**Work to complete**
The response should contain all of the data below, reproduced exactly, and no pictures.

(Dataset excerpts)
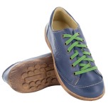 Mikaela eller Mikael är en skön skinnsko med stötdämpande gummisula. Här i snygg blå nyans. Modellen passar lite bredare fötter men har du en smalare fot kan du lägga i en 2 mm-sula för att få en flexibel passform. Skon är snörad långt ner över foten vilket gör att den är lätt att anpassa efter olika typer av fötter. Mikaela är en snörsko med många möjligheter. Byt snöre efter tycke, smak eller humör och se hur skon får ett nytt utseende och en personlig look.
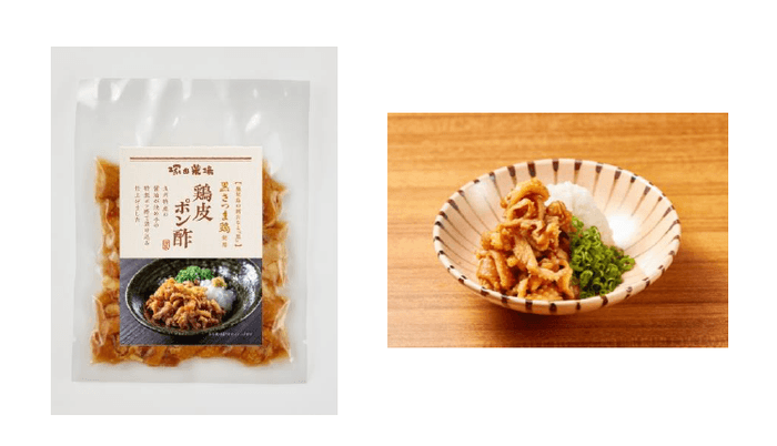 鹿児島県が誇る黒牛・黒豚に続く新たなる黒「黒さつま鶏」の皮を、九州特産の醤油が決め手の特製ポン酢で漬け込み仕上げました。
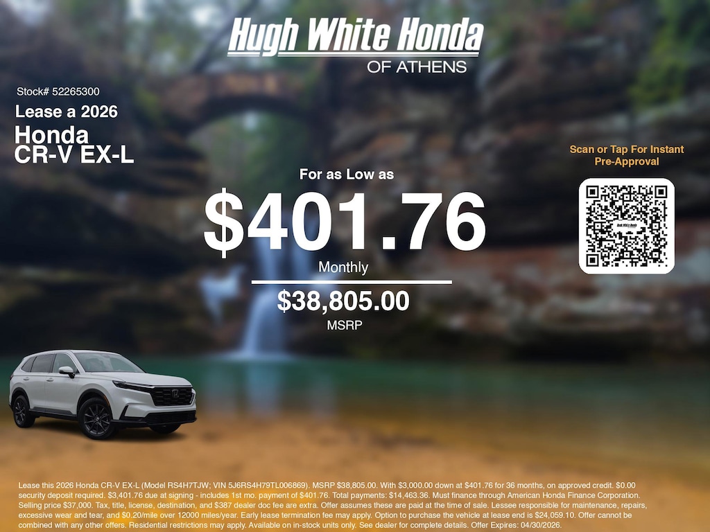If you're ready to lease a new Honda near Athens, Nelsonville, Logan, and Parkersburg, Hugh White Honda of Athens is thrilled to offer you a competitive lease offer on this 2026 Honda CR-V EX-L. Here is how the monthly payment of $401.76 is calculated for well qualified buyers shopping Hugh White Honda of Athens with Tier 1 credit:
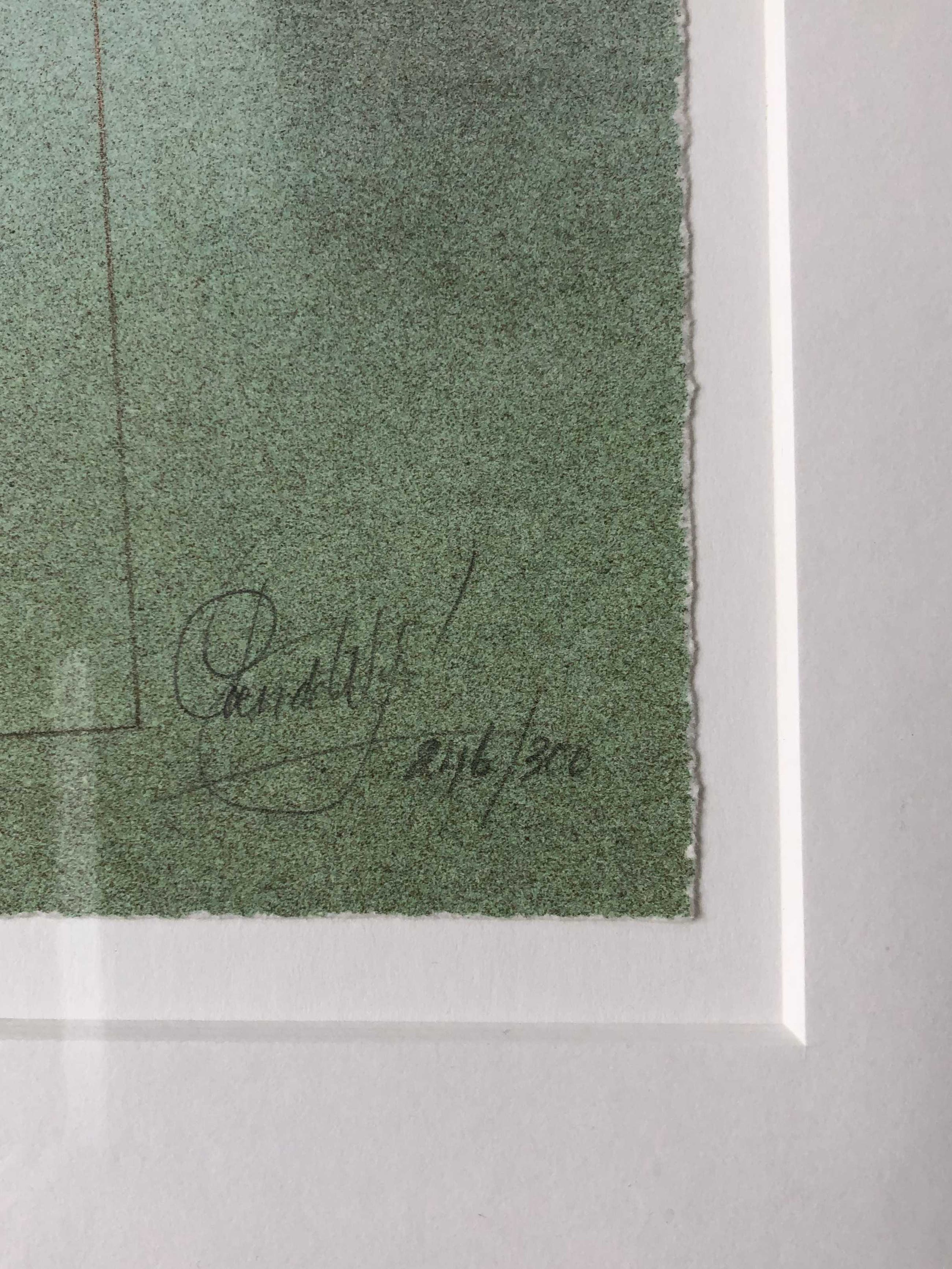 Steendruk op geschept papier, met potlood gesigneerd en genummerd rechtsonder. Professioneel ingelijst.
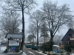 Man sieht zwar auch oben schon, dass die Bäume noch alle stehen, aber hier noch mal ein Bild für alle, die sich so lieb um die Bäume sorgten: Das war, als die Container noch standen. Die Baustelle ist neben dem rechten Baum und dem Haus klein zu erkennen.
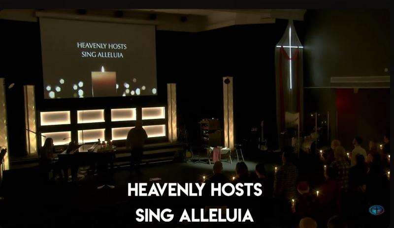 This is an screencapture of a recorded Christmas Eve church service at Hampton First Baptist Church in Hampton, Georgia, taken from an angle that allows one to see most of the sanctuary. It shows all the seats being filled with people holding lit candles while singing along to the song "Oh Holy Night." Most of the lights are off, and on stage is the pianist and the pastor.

**Task solution**
 Mikaela eller Mikael är en skön skinnsko med stötdämpande gummisula. Här i snygg blå nyans. Modellen passar lite bredare fötter men har du en smalare fot kan du lägga i en 2 mm-sula för att få en flexibel passform. Skon är snörad långt ner över foten vilket gör att den är lätt att anpassa efter olika typer av fötter. Mikaela är en snörsko med många möjligheter. Byt snöre efter tycke, smak eller humör och se hur skon får ett nytt utseende och en personlig look.
 鹿児島県が誇る黒牛・黒豚に続く新たなる黒「黒さつま鶏」の皮を、九州特産の醤油が決め手の特製ポン酢で漬け込み仕上げました。
If you're ready to lease a new Honda near Athens, Nelsonville, Logan, and Parkersburg, Hugh White Honda of Athens is thrilled to offer you a competitive lease offer on this 2026 Honda CR-V EX-L. Here is how the monthly payment of $401.76 is calculated for well qualified buyers shopping Hugh White Honda of Athens with Tier 1 credit:
 Steendruk op geschept papier, met potlood gesigneerd en genummerd rechtsonder. Professioneel ingelijst.
 Man sieht zwar auch oben schon, dass die Bäume noch alle stehen, aber hier noch mal ein Bild für alle, die sich so lieb um die Bäume sorgten: Das war, als die Container noch standen. Die Baustelle ist neben dem rechten Baum und dem Haus klein zu erkennen.
 This is an screencapture of a recorded Christmas Eve church service at Hampton First Baptist Church in Hampton, Georgia, taken from an angle that allows one to see most of the sanctuary. It shows all the seats being filled with people holding lit candles while singing along to the song "Oh Holy Night." Most of the lights are off, and on stage is the pianist and the pastor.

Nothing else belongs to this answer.